● Work required:
The answer should hold only the lines from the beginning of the listing below to the line containing "Martisoare trifoi magnetice", both included, with every picture left out.

● Recorded data:

----

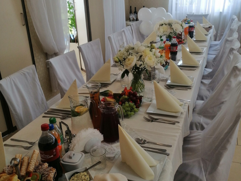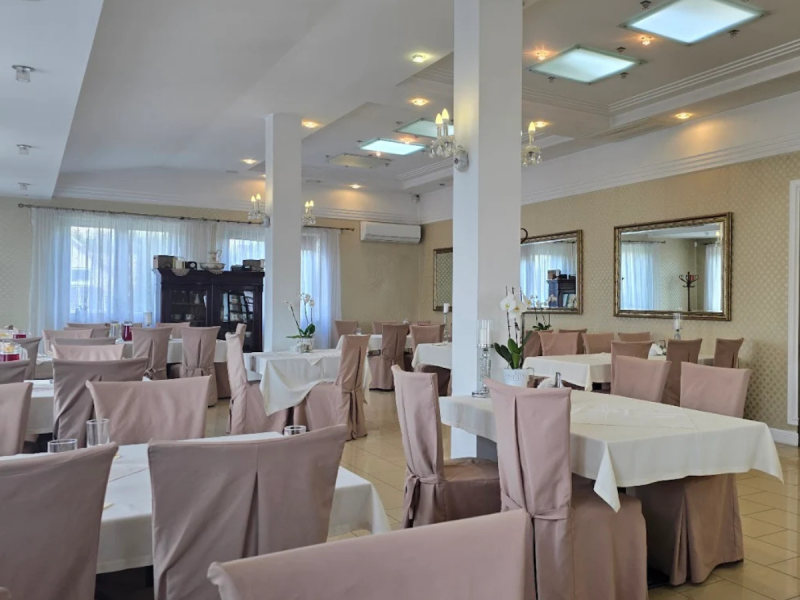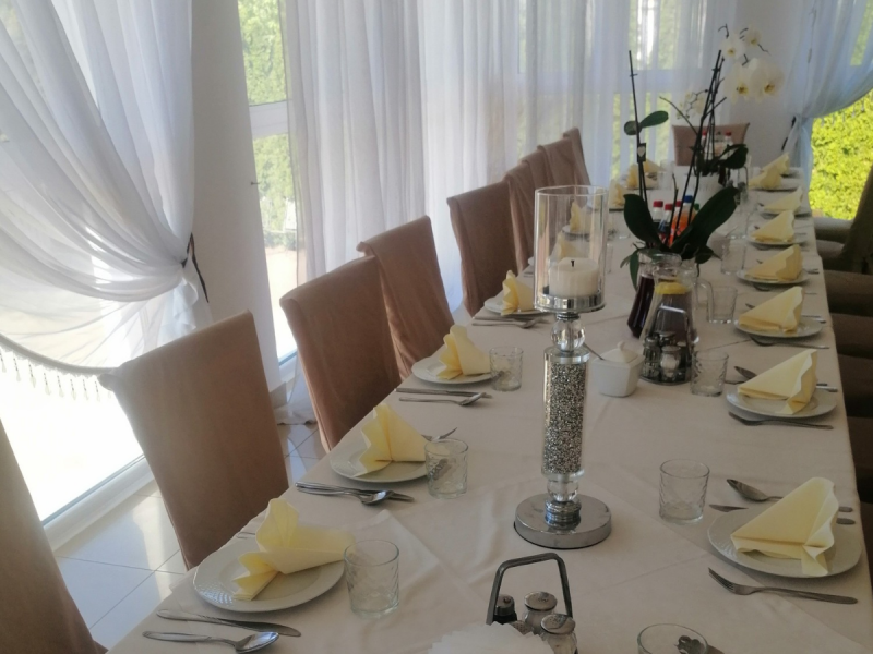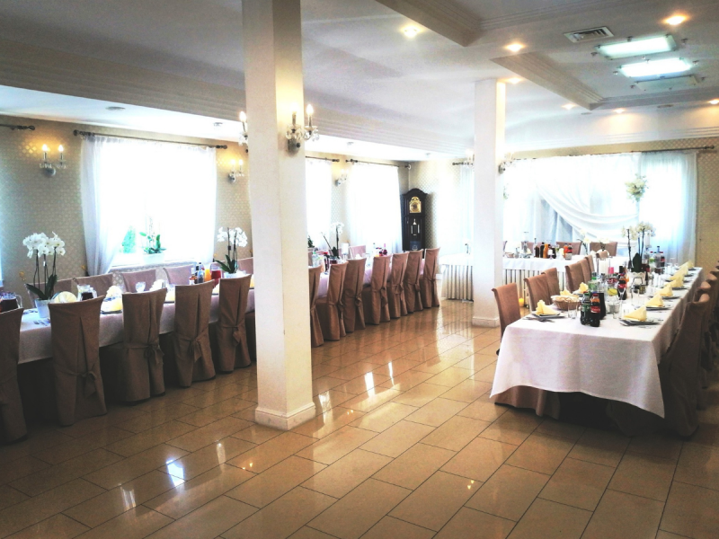 Sala weselna: Przestronna, klimatyzowana sala z eleganckim wystrojem pomieści komfortowo dużą liczbę gości. Stylowe wnętrza można dopasować do indywidualnej koncepcji dekoracyjnej Pary Młodej.
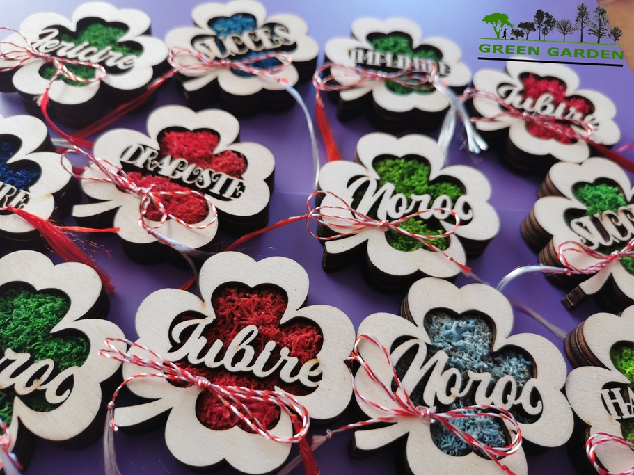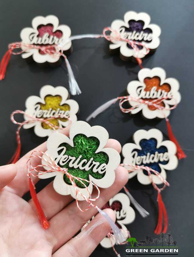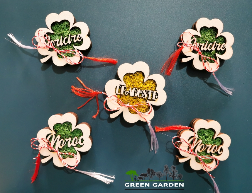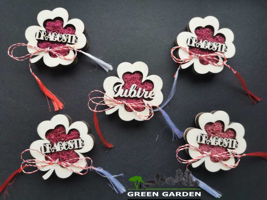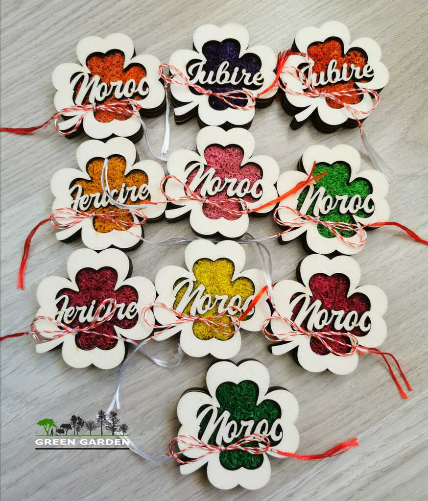 Martisoare trifoi magnetice personalizate cu mesaj cu licheni stabilizati
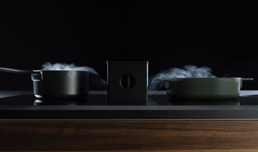 One Pro en One Power zijn beide een afzuigkap-en-kookplaat-in-één. De afzuigtoren verschijnt pas wanneer je effectief begint te koken. Dat is visueel aangenaam, maar de positie maakt van One ook een erg efficiënt afzuigsysteem. De toren zit namelijk in het midden van de kookplaat. Dichter bij de bron dus, en bovendien op dezelfde hoogte als de pannen. Zo worden de dampen direct weggezogen, nog voor er onaangename geuren kunnen ontstaan. Een discrete kantelklep maakt het bovendien mogelijk om het systeem nog gerichter te laten werken.
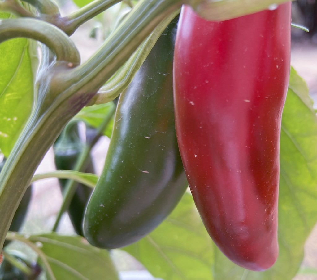 Every year I grow peppers. It seems that I also have an abundance of jalapeno peppers every year. I usually cut them up and freeze them. This year I bought some peppers from Alameda Greenhouse in Albuquerque that stated that these peppers were sriracha peppers. Great! I love sriracha. I’m not so great about cooking but I sure can grow peppers.

----

● Answer to this problem:
 Sala weselna: Przestronna, klimatyzowana sala z eleganckim wystrojem pomieści komfortowo dużą liczbę gości. Stylowe wnętrza można dopasować do indywidualnej koncepcji dekoracyjnej Pary Młodej.
 Martisoare trifoi magnetice personalizate cu mesaj cu licheni stabilizati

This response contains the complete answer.